CW: I used to be very aware of this, always adding boil frames to every element of a film. We all come to animation with our own intuitive traits and instinctual choices. I have this weird twitch in my head where I can’t let things sit still on the screen. I’m not sure if there was ever any real reasoning to it, it was just something that i had to do. I have to make sure that everything is activated and alive. I don’t notice it as much anymore, maybe i’ve just gotten so use it that i stopped questioning the choice. Although, I have thought about confronting the urge. Sometimes I fantasize about making a film where everything is completely still.
MM: Cycles and loops appear in a lot of your films. Can you talk about your interest in them?
CW: Loops are the most efficient type of animation in my book. You can really dump in hours and hours of work time into them, and they only get better. The best part is that your not counting frames and seconds as you go, there is no shot list with goals that you're aiming for, you just focus on the task at hand and keep adding more and more. It's like knitting or weaving, where a small effort repeated countless times becomes a culmination. It’s also much more in line with working on a single composition, like painting or drawing. You can really watch the art grow and develop as you go. The audience can sit with it for as long as they want as well, more like a gallery experience where you, the viewer, choose how long you look at an artwork on the wall, not the artist.

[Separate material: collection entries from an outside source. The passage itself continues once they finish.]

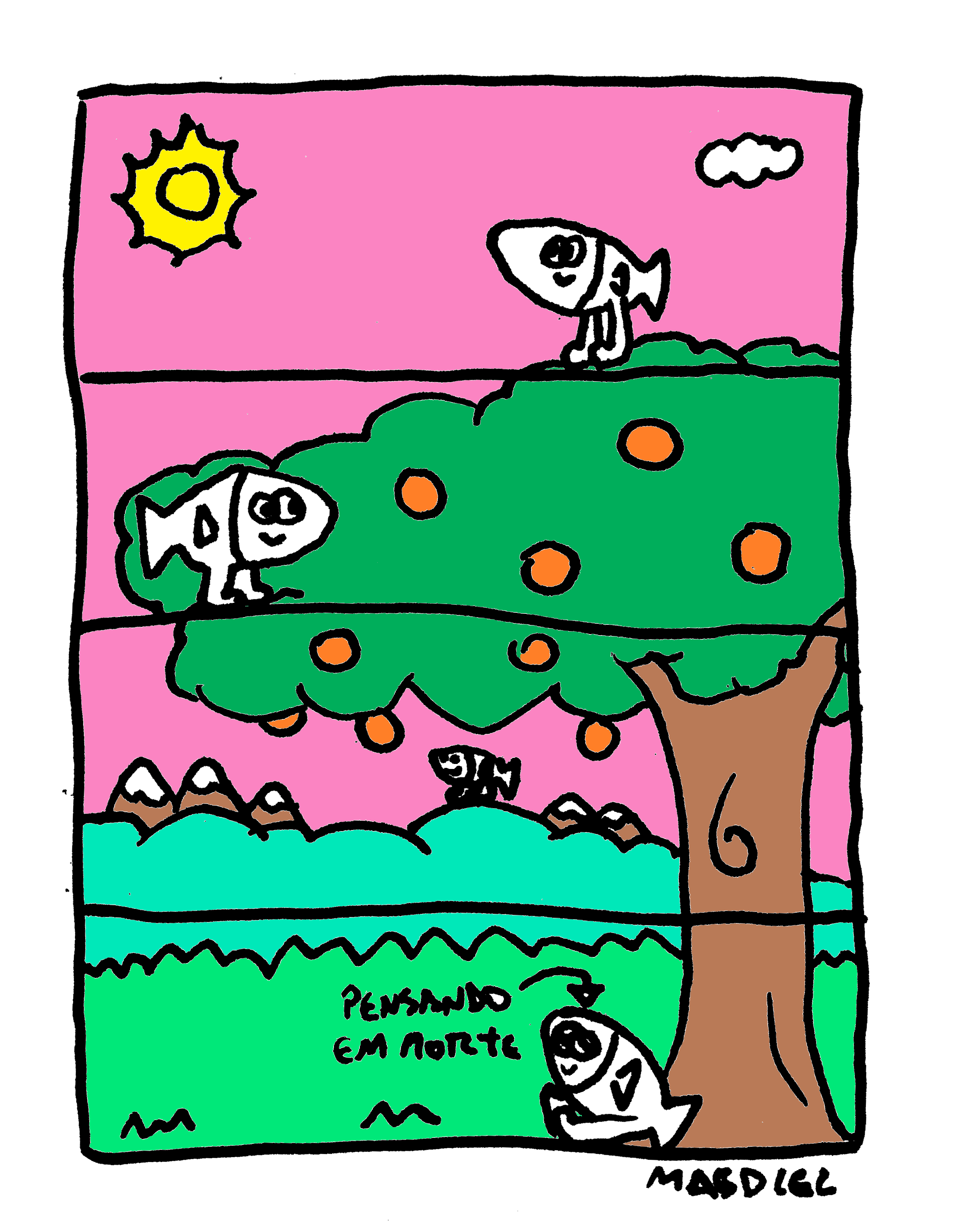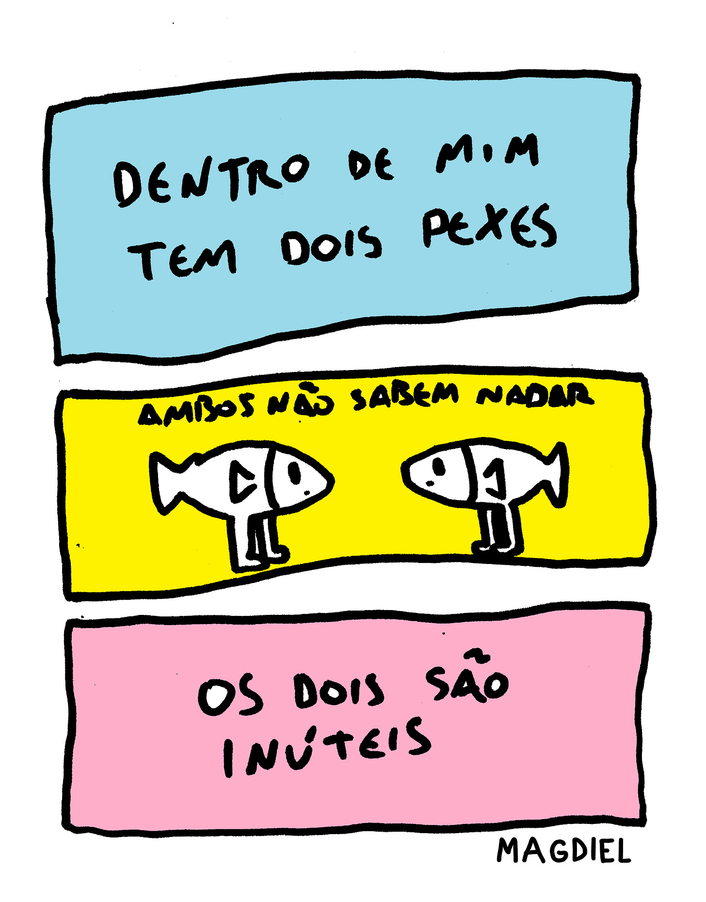 Esta coleção de tirinhas retrata o cotidiano e situações desse peixe, que dizem por aí, é nada mais nada menos que o próprio autor.
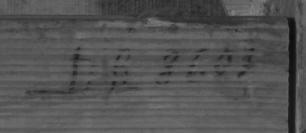 Photomicrograph of the signature in Monet’s Stack of Wheat (Thaw, Sunset) (1890/91) showing a small area of restoration. The Art Institute of Chicago, 1983.166.
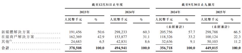 具体来看,2023年至2025年1-9月(简称“报告期”),再惠来自新媒体解决方案的收入占比从50.6%提升至66.5%,在线商户解决方案的收入占比从42.9%降至22.3%,另外还有小部分收入来自经营自营餐厅。

MM: You’ve made work that functions both as static visual art and moving image films. Is this a direction you see yourself exploring more?
CW: Definitely, I’m really tired of non-tangible digital films being the final product of animation. It’s not very lucrative or exciting. I’m trying to switch tracks and make the source of the animation the product, and the resulting film just a byproduct. So using other forms of artmaking like ceramics, painting, printmaking, to generate animated sequences is one of the areas of focus where my interests have branched to.
MM: You’ve been making and sharing animation online for about a decade. Do you think the current platforms for sharing animation are sustainable for the future?
CW: It’s sort of a discussion point that branches off in a million directions. Do we keep watching media on screens, do we all wear a neural-net in our head that enhances augmented reality, can ideas be shared telepathically, etc. My initial assumption is that the way we consume media in the future will be drastically different than it is now. So will the way we create. It’s hard to imagine what platforms like youtube or Vimeo will morph and evolve into as technology advances. Ideally, I’d like to see a new type of platform come around. Something crowdsourced and organic, partitioned between every user.
MM: The majority of your films seem to be in conversation with flora and fauna in some way. Is nature a primary source of inspiration for you?
CW: Yeah, I have this whole theory on how ideas are generated from observation of matter. Plants and animals are really powerful forms, and for me personally, are the best aspect of life. Everything you need to know can be observed from them.
MM: What’s next for you, and are you currently working on anything new?
CW: Well, I’m chasing a teaching career on the east coast and still making animations. A couple of bigger projects in the works to look out for down the road as well. All in all still staying productive.